StudentKeys helps students incorporate study strategies that work the best for their personality and learning style. Our assessments help identify innate learning and thinking strengths so that students can make the best use of their study time.
Improving motivation and communication
With StudentKeys, students can identify their values system and understand how ethics, ideals, principles, and deeply-held beliefs unconsciously influence many of the choices they make every day. Students who understand how they are individually motivated by values are better able to recognize their strengths and limitations in certain social, academic, and professional areas. Likewise, educators who pay attention their student’s unique values styles can target incentives to individual preferences therefore increasing motivation. StudentKeys also helps students appreciate why they do not see eye to eye with parents, peers, and professors as a result of conflicting values styles.

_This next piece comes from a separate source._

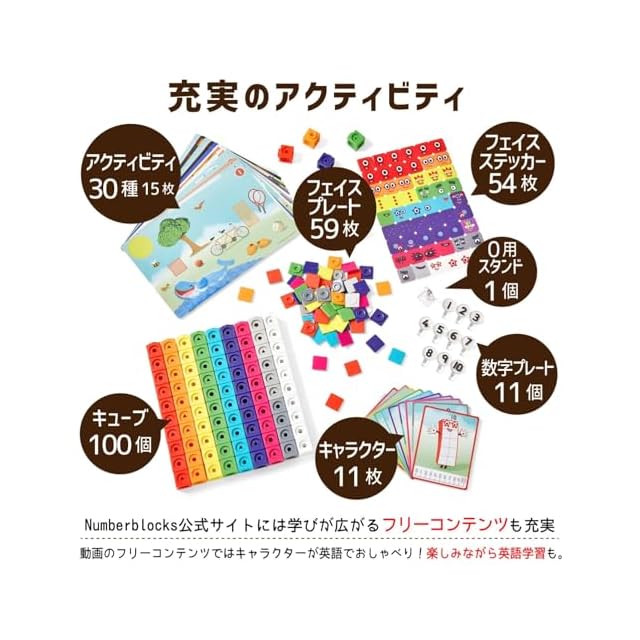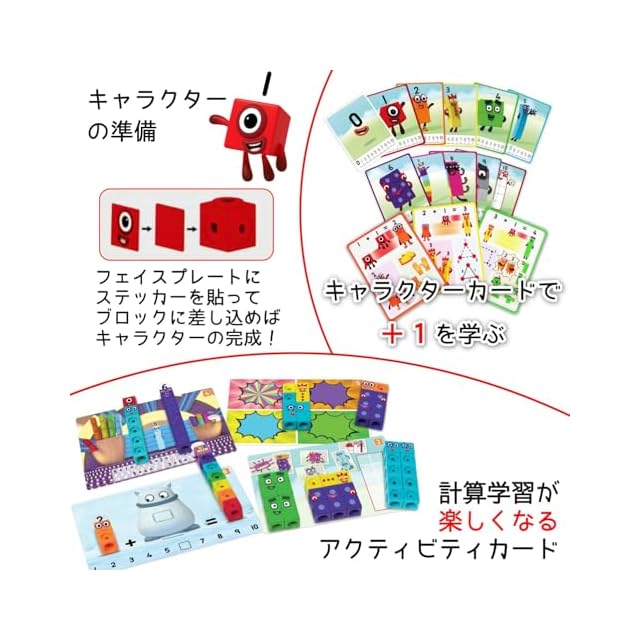 付属のアクティビティカード (両面印刷) でさまざまな数の問題にチャレンジ!1問ずつクリアしていくことによって論理的思考力や問題解決力を高めることができます。色鮮やかなキューブに付属のステッカーを貼るとナンバーブロックス (Numberblocks) の世界へ!

Increasing retention rates
Retention issues have become increasingly important in higher education since the 1980’s when college retention rates began to decline. Since then, schools have put an increasing amount of emphasis upon student retention and dropout prevention. Considering that approximately 40% of students leave higher education without getting a degree, the emphasis is well put.

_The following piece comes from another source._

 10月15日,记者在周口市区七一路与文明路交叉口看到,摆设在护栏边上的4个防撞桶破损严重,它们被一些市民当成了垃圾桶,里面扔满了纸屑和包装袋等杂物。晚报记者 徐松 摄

More than half of all students who withdraw from college do so at the end of the freshman year. As a result, the first year continues to be a vital time in a college student’s academic experience. During the first year, it is imperative to integrate students both academically and socially. Dr. Vincent Tinto, a popular retention theorist, made academic and social integration a central theme in his retention model. After studying and distinguishing many reasons for student departure, he found that students need academic integration to feel a sense of personal fulfillment that exists independently from their grades. He also found that to increase the likelihood of retention, students need to gain a sense of social integration not only with peers, but with educators and staff as well. Through StudentKeys, students can better academically and socially integrate into the college environment, thus finding the sense of community and self that they need in order to continue through their program of study.
Helping with freshman orientation
StudentKeys assessments were originally designed to be a significant part of freshman orientation programs, used as a tool to help students with their transition to college life. These workbooks are often used during orientation week, or by advisors in residence halls to academically and socially integrate students in the first year by helping them identify their natural learning and communicating styles.

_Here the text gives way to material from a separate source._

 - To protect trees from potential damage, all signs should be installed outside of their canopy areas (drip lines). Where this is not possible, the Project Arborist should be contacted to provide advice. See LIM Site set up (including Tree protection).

To determine their impact upon first-year student success and retention, the StudentKeys workbooks were used in an empirical study at Eastern University (formerly Eastern College) under the direction of Dr. Laurie Schreiner. The study was undertaken to measure retention and acclimation effectiveness of the Student Keys program on incoming students. This study was part of a larger project, “CCCU Quality Retention Project”, in which 79 member schools joined together in a five-year, collaborative research project focusing upon improving the quality of the educational experience so that a higher percentage of students graduate. The study found students who participated in the StudentKeys program achieved higher GPA’s in their first semester of college. Secondly, students who participated in Student Keys were also retained at a higher rate than the non-participants (71.1% vs. 65.3%).